Supplied records:
★ ★ ★ ★ ★ ★ ★

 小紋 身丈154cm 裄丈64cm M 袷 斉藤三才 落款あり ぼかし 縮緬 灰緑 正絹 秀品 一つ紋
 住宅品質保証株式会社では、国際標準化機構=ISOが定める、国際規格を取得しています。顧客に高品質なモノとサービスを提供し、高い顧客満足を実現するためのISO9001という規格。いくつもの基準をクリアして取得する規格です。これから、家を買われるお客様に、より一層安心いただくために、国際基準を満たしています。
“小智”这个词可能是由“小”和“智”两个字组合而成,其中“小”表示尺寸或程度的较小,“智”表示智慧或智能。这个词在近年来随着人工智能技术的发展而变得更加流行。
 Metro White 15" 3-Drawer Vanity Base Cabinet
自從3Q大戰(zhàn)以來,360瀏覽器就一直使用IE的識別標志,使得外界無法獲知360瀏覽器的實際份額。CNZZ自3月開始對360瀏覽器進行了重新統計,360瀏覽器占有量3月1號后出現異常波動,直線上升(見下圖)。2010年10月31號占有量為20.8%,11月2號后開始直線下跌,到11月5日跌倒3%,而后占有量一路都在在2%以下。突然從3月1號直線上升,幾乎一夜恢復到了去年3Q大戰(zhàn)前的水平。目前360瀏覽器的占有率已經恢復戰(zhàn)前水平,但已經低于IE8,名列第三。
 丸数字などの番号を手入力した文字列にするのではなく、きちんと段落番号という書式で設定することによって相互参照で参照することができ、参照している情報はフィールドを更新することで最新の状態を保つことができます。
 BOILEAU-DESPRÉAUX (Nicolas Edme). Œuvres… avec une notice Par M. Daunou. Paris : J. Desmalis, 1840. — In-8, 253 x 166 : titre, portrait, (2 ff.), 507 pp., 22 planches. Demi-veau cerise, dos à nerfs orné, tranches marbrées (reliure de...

★ ★ ★ ★ ★ ★ ★

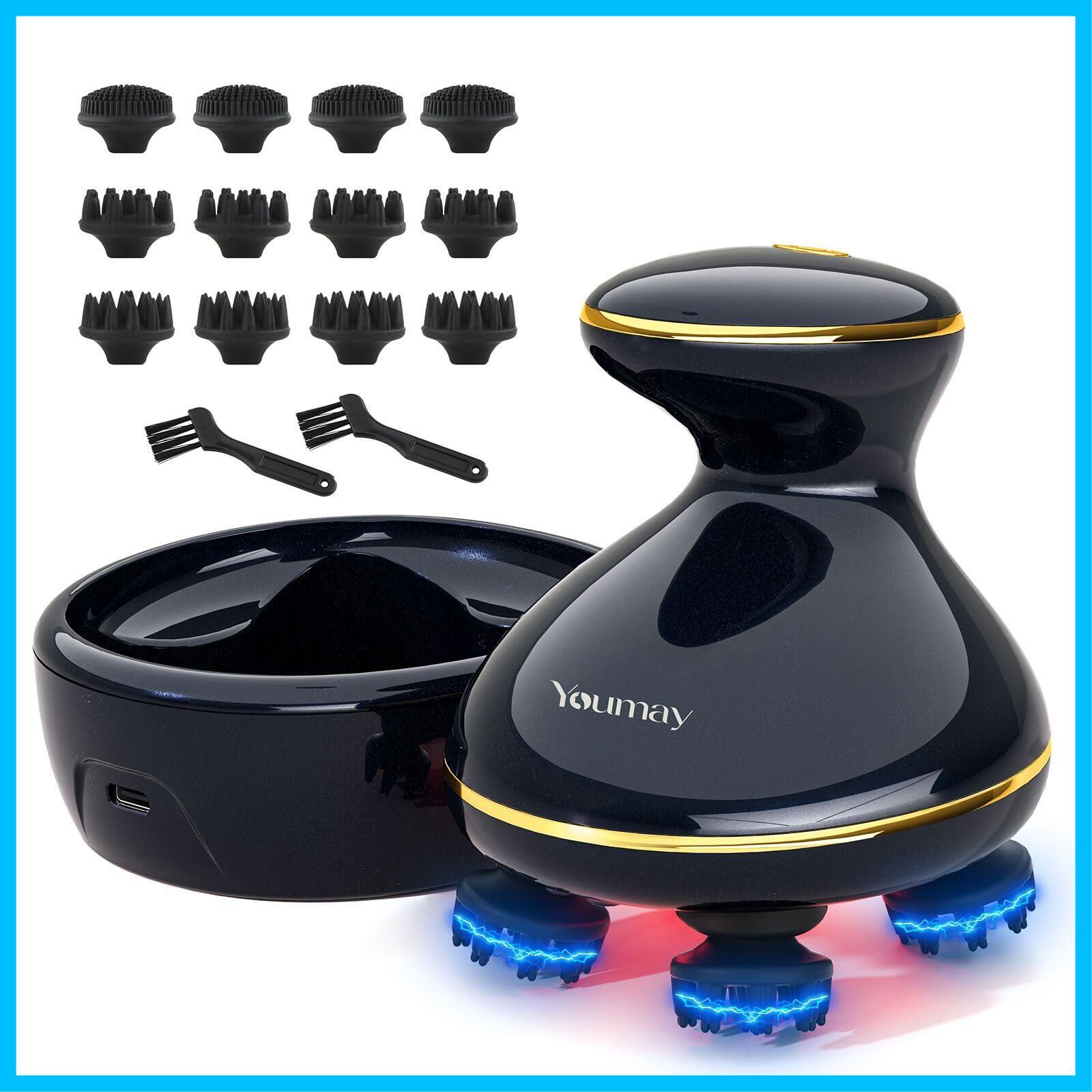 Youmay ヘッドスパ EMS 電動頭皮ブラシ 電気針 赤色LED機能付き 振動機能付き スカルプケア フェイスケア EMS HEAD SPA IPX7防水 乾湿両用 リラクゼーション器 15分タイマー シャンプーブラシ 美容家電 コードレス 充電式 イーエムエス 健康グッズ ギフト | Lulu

★ ★ ★ ★ ★ ★ ★

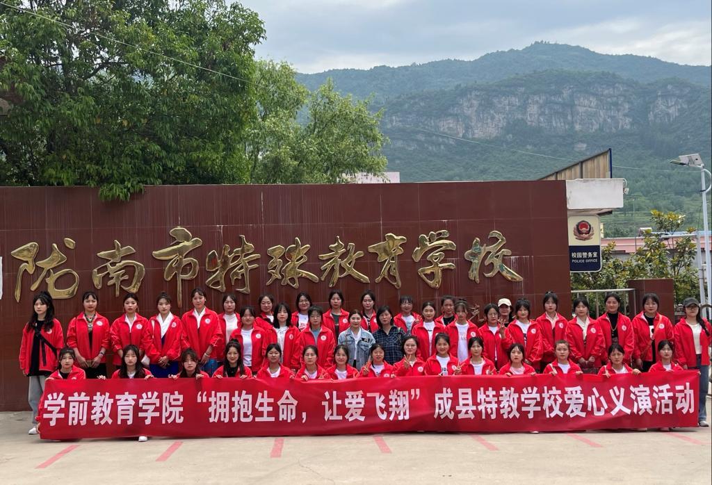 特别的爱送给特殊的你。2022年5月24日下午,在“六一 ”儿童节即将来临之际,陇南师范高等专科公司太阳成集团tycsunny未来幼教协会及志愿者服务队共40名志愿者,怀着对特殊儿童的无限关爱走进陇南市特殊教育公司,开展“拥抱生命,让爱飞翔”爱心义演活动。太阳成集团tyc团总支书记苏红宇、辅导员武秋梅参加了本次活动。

★ ★ ★ ★ ★ ★ ★

Requirement: Could you repeat exactly the lines in the listing above from the one with "小紋 身丈154cm 裄丈64cm" down to the one with "BOILEAU-DESPRÉAUX (Nicolas Edme)."? Include both of those lines.

Response area:
 小紋 身丈154cm 裄丈64cm M 袷 斉藤三才 落款あり ぼかし 縮緬 灰緑 正絹 秀品 一つ紋
 住宅品質保証株式会社では、国際標準化機構=ISOが定める、国際規格を取得しています。顧客に高品質なモノとサービスを提供し、高い顧客満足を実現するためのISO9001という規格。いくつもの基準をクリアして取得する規格です。これから、家を買われるお客様に、より一層安心いただくために、国際基準を満たしています。
“小智”这个词可能是由“小”和“智”两个字组合而成,其中“小”表示尺寸或程度的较小,“智”表示智慧或智能。这个词在近年来随着人工智能技术的发展而变得更加流行。
 Metro White 15" 3-Drawer Vanity Base Cabinet
自從3Q大戰(zhàn)以來,360瀏覽器就一直使用IE的識別標志,使得外界無法獲知360瀏覽器的實際份額。CNZZ自3月開始對360瀏覽器進行了重新統計,360瀏覽器占有量3月1號后出現異常波動,直線上升(見下圖)。2010年10月31號占有量為20.8%,11月2號后開始直線下跌,到11月5日跌倒3%,而后占有量一路都在在2%以下。突然從3月1號直線上升,幾乎一夜恢復到了去年3Q大戰(zhàn)前的水平。目前360瀏覽器的占有率已經恢復戰(zhàn)前水平,但已經低于IE8,名列第三。
 丸数字などの番号を手入力した文字列にするのではなく、きちんと段落番号という書式で設定することによって相互参照で参照することができ、参照している情報はフィールドを更新することで最新の状態を保つことができます。
 BOILEAU-DESPRÉAUX (Nicolas Edme). Œuvres… avec une notice Par M. Daunou. Paris : J. Desmalis, 1840. — In-8, 253 x 166 : titre, portrait, (2 ff.), 507 pp., 22 planches. Demi-veau cerise, dos à nerfs orné, tranches marbrées (reliure de...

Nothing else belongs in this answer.